EDWARD ABBEY QUOTES III

American author (1927-1989)

The city itself swung slowly toward us silent as a dream. No sign of life but puffs of steam from skyscraper chimneys, the motion of the traffic. The mighty towers stood like tombstones in a graveyard, leaning against the sky and waiting for -- for what? Someday we'll know.

EDWARD ABBEY

"Manhattan Twilight, Hoboken Night", The Journey Home

Tags: cities


All we have, it seems to me, is the beauty of art and nature and life, and the love which that beauty inspires.

EDWARD ABBEY

"Fire Lookout: Numa Ridge", The Journey Home

Tags: beauty


Growth for the sake of growth is the ideology of the cancer cell.

EDWARD ABBEY

The Journey Home

Tags: growth


Do not burn yourselves out. Be as I am -- a reluctant enthusiast ... a part-time crusader, a half-hearted fanatic. Save the other half of yourselves and your lives for pleasure and adventure.

EDWARD ABBEY

attributed, Saving Nature's Legacy


Walking is the only form of transportation in which a man proceeds erect -- like a man -- on his own legs, under his own power. There is immense satisfaction in that.

EDWARD ABBEY

Postcards from Ed

Tags: walking


Contempt for animal life leads to contempt for human life.

EDWARD ABBEY

One Life at a Time, Please

Tags: animals


Where life is there is death, reasons the vulture, and where there's death there's hope.

EDWARD ABBEY

One Life at a Time, Please

Tags: death


A pessimist is simply an optimist in full possession of the facts.

EDWARD ABBEY

Hayduke Lives

Tags: pessimism


At that moment I was ready to forsake my other home, forsake my mother and father and little sister and all my friends, and spend the rest of my life in the desert eating cactus for lunch, drinking blood at cocktail time, and letting the ferocious sun flay me skin and soul. I'd gladly have traded parents, school, a college education and a career for one dependable saddle hourse.
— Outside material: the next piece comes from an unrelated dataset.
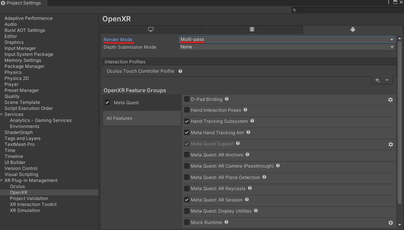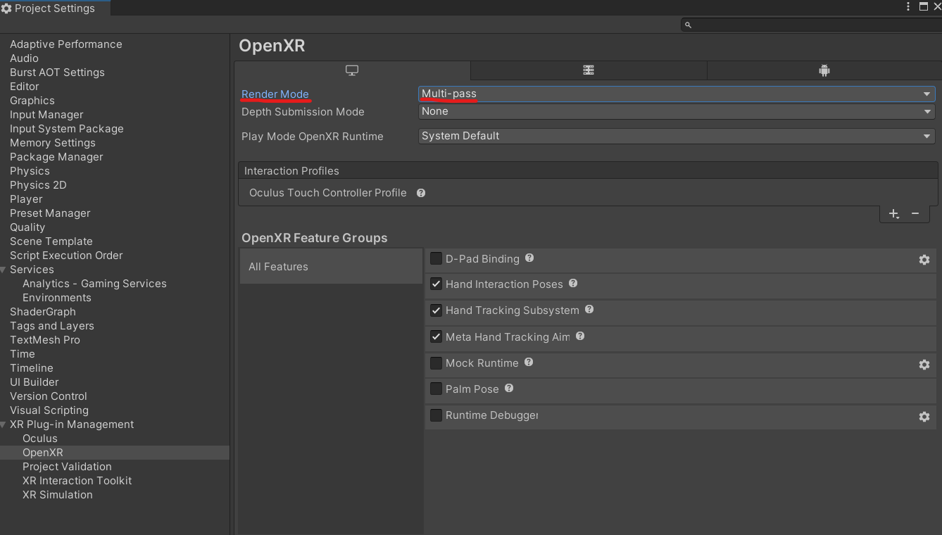 Additionally, in order for the portal shader to render correctly, the Unity project settings must have OpenXR configured with Render Mode set to Multi-pass in the following places: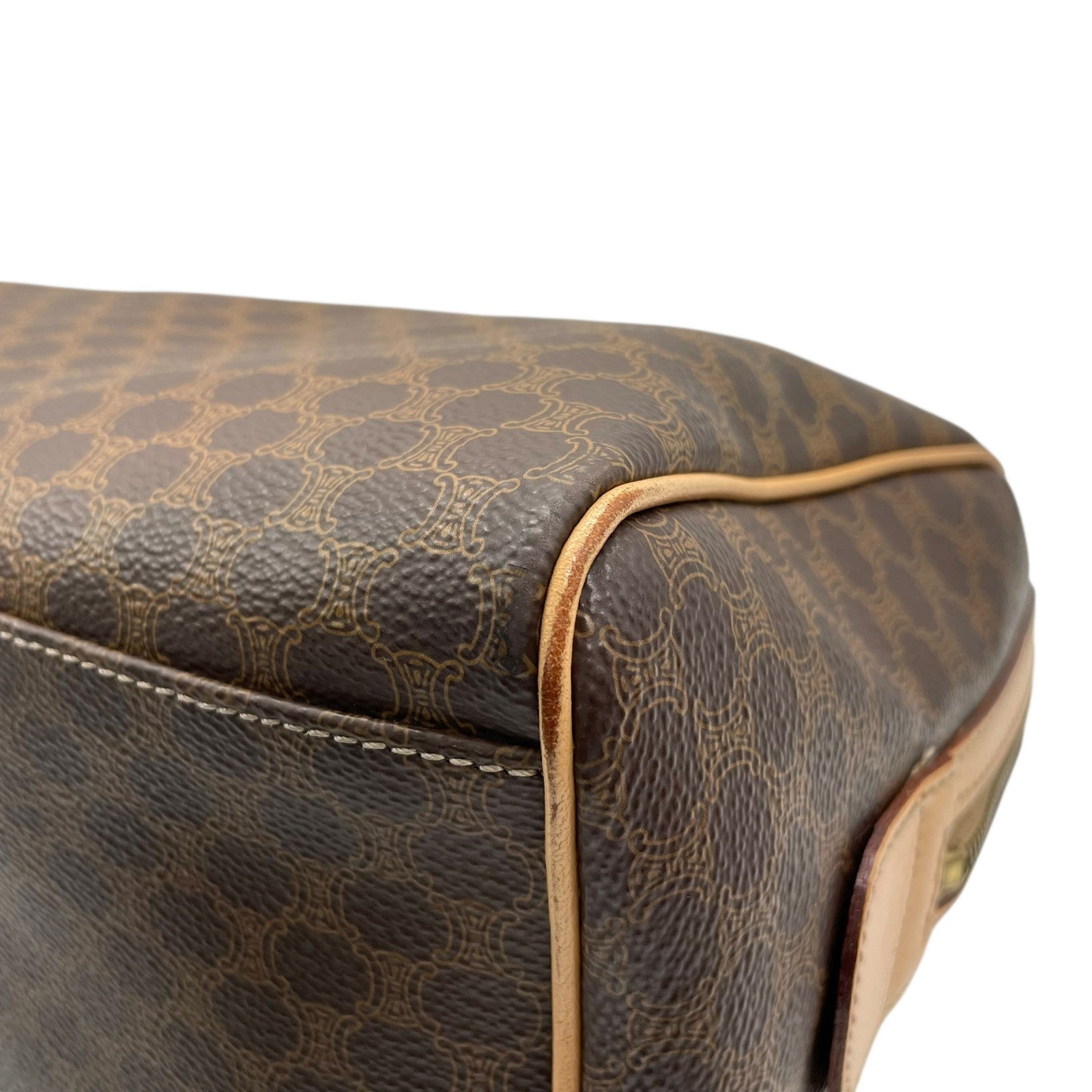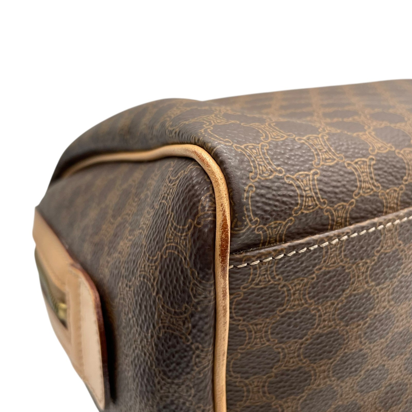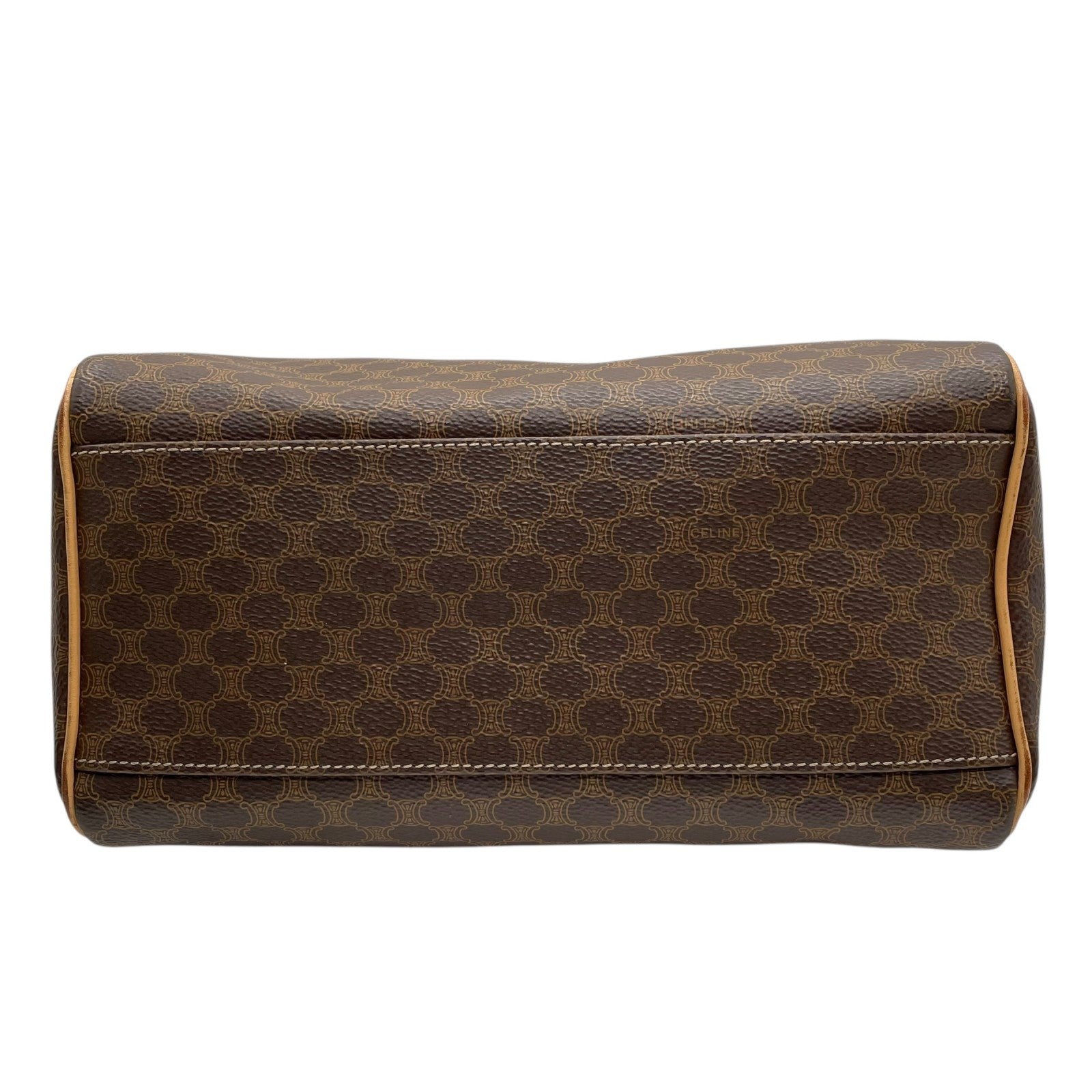 Excellent condition Celine Macadam Pattern 2-way handbag/mini Boston bag/shoulder bag in PVC and genuine leather with dark brown and gold metal zip closure. Can be worn crossbody. Women's Triomphe D.

Later that night, of course, alone in bed, the deadly homesickness would strike me faint.

EDWARD ABBEY

Fire on the Mountain


Our culture runs on coffee and gasoline, the first often tasting like the second.

EDWARD ABBEY

Down the River

Tags: coffee


A great thirst is a great joy when quenched in time.

EDWARD ABBEY

"Water", Desert Solitaire


When I write "paradise" I mean not only apple trees and golden women but also scorpions and tarantulas and flies, rattlesnakes and Gila monsters, sandstorms, volcanoes and earthquakes, bacteria and bear, cactus, yucca, bladderweed, ocotillo and mesquite, flash floods and quicksand, and yes -- disease and death and the rotting of flesh.

EDWARD ABBEY

"Down the River", Desert Solitaire

Tags: paradise


To die alone, on rock under sun at the brink of the unknown, like a wolf, like a great bird, seems to me very good fortune indeed.

EDWARD ABBEY

"The Dead Man at Grandview Point", Desert Solitaire

Tags: death


Growth for the sake of growth is a cancerous madness.

EDWARD ABBEY

"Water", Desert Solitaire

Tags: growth


Each thing in its way, when true to its own character, is equally beautiful.

EDWARD ABBEY

"Cliffrose and Bayonets", Desert Solitaire

Tags: beauty


The most attractive feature of Alaska, I say, is its small, insignificant human population.

EDWARD ABBEY

Beyond the Wall: Essays from the Outside


The desert rat carries one distinction like a halo: he has learned to love the kind of country that most people find unlovable.

EDWARD ABBEY

Beyond the Wall: Essays from the Outside

Tags: desert


I try to think of a favorite among my arid-country flowers. But I love them all. How could we be true to one without being false to all the others?

EDWARD ABBEY

Beyond the Wall: Essays from the Outside

Tags: flowers


We like the taste of freedom ... because we like the smell of danger.

EDWARD ABBEY

Beyond the Wall: Essays from the Outside

Tags: freedom


We're all undesirable elements from somebody's point of view.